BEGIN

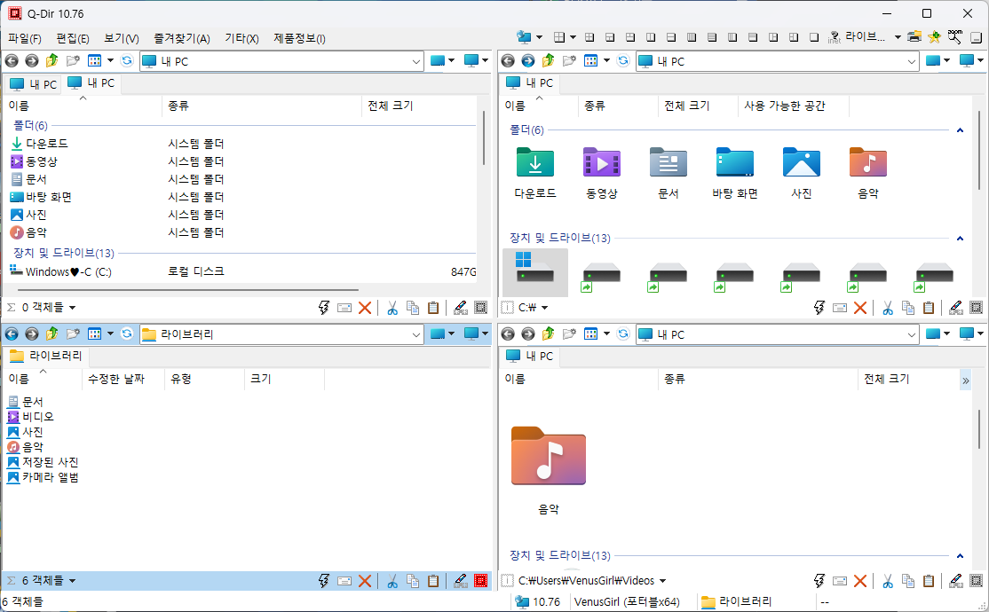 Q-Dir (4๋ถํ ํ์๊ธฐ)๋ฅผ ์ฌ์ฉํ๋ฉด ์ค์น๋๊ฑฐ๋ ํด๋์ฉ Windows ํ๋ก๊ทธ๋จ์ผ๋ก ํ์ผ๊ณผ ํด๋๋ฅผ ์ฝ๊ฒ ๊ด๋ฆฌํ ์ ์์ต๋๋ค. ํ๋ ๋์คํฌ, ๋คํธ์ํฌ ํด๋, USB-Stik, ํ๋กํผ ๋์คํฌ ๋ฐ ๊ธฐํ ์คํ ๋ฆฌ์ง ์ฅ์น์ ๋น ๋ฅด๊ณ ์ฝ๊ฒ ์ก์ธ์คํ ์ ์์ต๋๋ค. Q-Diri๋ ๋๋ผ์ด Quadro-View ๊ธฐ์ ์ ๊ฐ์ถ ์ฐ์ํ ํ์ผ ๊ด๋ฆฌ์์
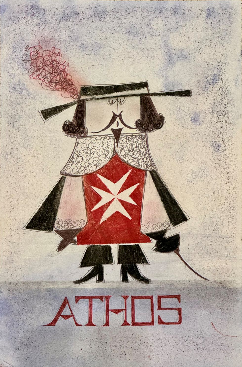 PASCALI PINO Bari 1935 – Roma 1968 “Athos” Tecnica mista su cartone pressato cm 19,7×29,9. Intitolata sul fronte in basso al centro. Al verso firma per provenienza a cura di Sandro Lodolo. Opera archiviata presso l’Archivio dell’Opera Grafica di Pino Pascali.
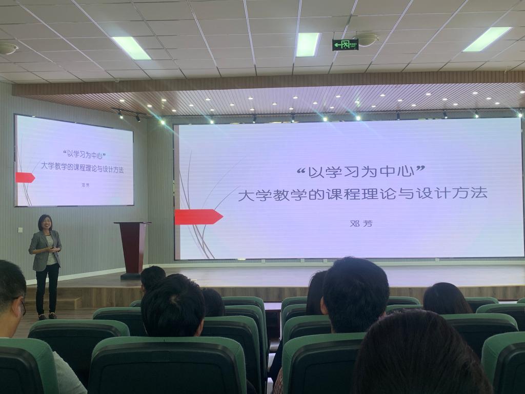 邓芳老师以《以学习为中心--大学教学的课程理论与设计方法》为题为大家进行了培训,主要讲了“以学习为中心”课程设计、教育学课程理论和教学设计方法。
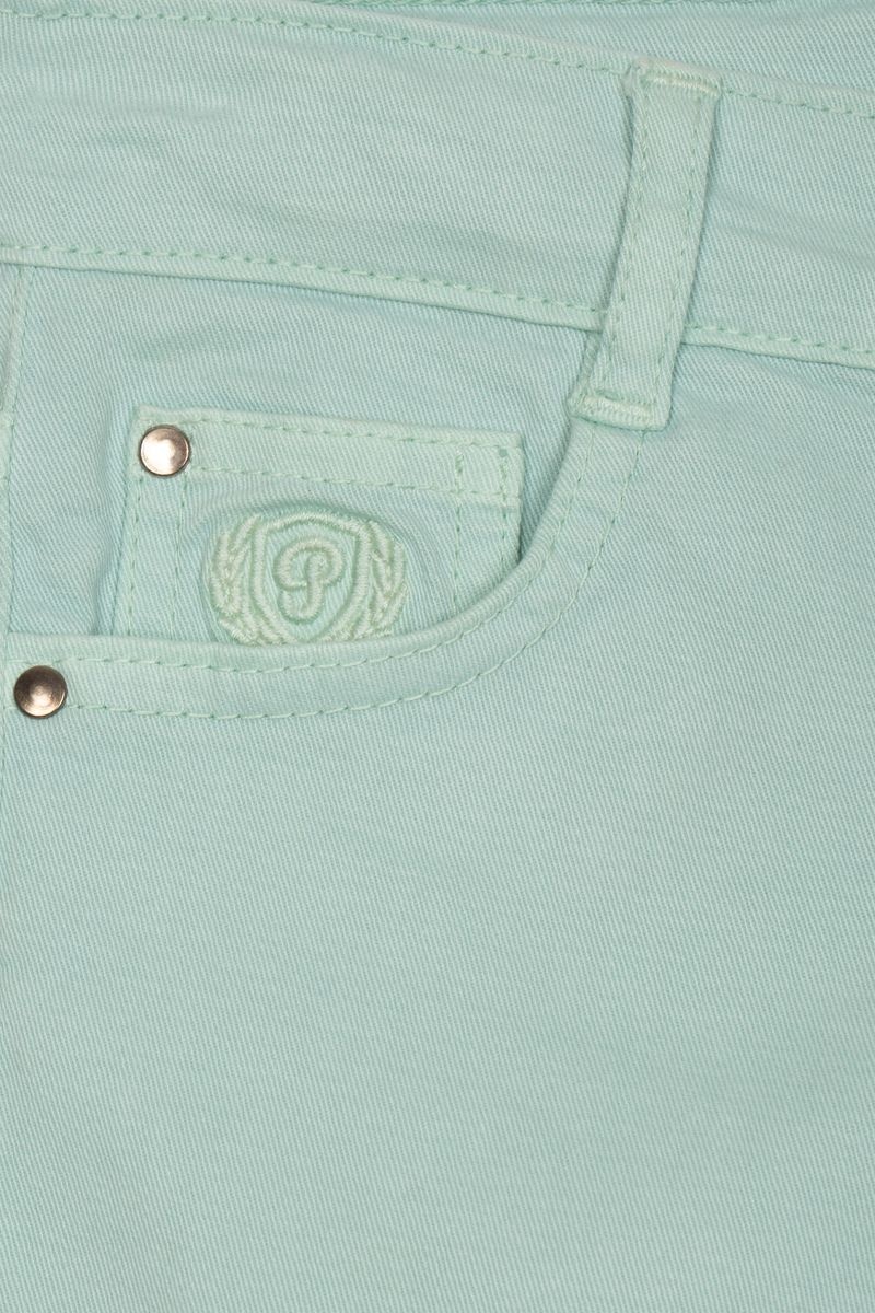 • Green pants with an adjustable waist, button and zip fastening.
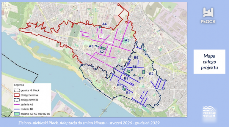 Prezydent Płocka rozpoczął spotkanie od przedstawienia projektu “Zielono-niebieski Płock. Adaptacja do zmian klimatu”. To połączenie współpracy między Wydziałem Inwestycji i Remontów Urzędu Miasta Płocka, Miejskim Zarządem Dróg i Wodociągów Płockich.
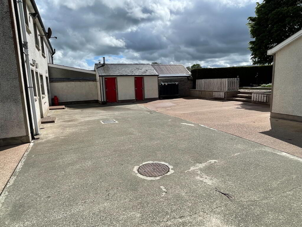 Cement parking area, side gate, fenced on one side with wall to other, outside tap, oil tank, lawn with hedge on 3 sides, outside lighting.
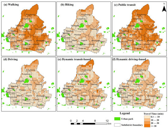 Time distribution of each grid reaching the nearest park for different travel modes. (a) Time distribution for walking; (b) Time distribution for biking; (c) Time distribution for public transit; (d) Time distribution for driving; (e) Time distribution for dynamic transit-based mode; (f) Time distribution for dynamic driving-based mode.
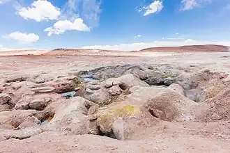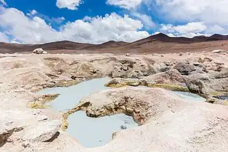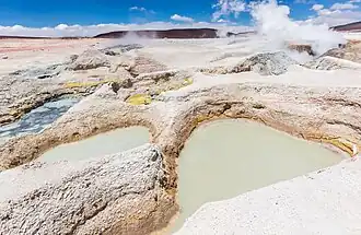 - ↑ Pereyra Quiroga, Bruno; Meneses Rioseco, Ernesto; Kapinos, Gerhard; Brasse, Heinrich (Septiembre de 2023). «Three-dimensional magnetotelluric inversion for the characterization of the Sol de Mañana high-enthalpy geothermal field, Bolivia» (PDF). Geothermics (en inglés) 113: 18. doi:10.1016/j.geothermics.2023.102748. Consultado el 23 de abril de 2024.
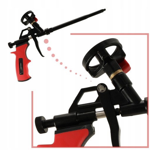Dzięki pokrętłu regulacji przepływu, możesz dostosować strumień piany, idealnie dopasowując ilość materiału do konkretnej pracy. Precyzyjna końcówka gwarantuje dokładne i celne nakładanie pianki w wybranych miejscach.

END

To do
Please repeat the lines of the material above exactly, starting with the line that contains "and zip fastening." and ending with the line that contains "Cement parking area, side". Leave the pictures out.

Answer below
 • Green pants with an adjustable waist, button and zip fastening.
 Prezydent Płocka rozpoczął spotkanie od przedstawienia projektu “Zielono-niebieski Płock. Adaptacja do zmian klimatu”. To połączenie współpracy między Wydziałem Inwestycji i Remontów Urzędu Miasta Płocka, Miejskim Zarządem Dróg i Wodociągów Płockich.
 Cement parking area, side gate, fenced on one side with wall to other, outside tap, oil tank, lawn with hedge on 3 sides, outside lighting.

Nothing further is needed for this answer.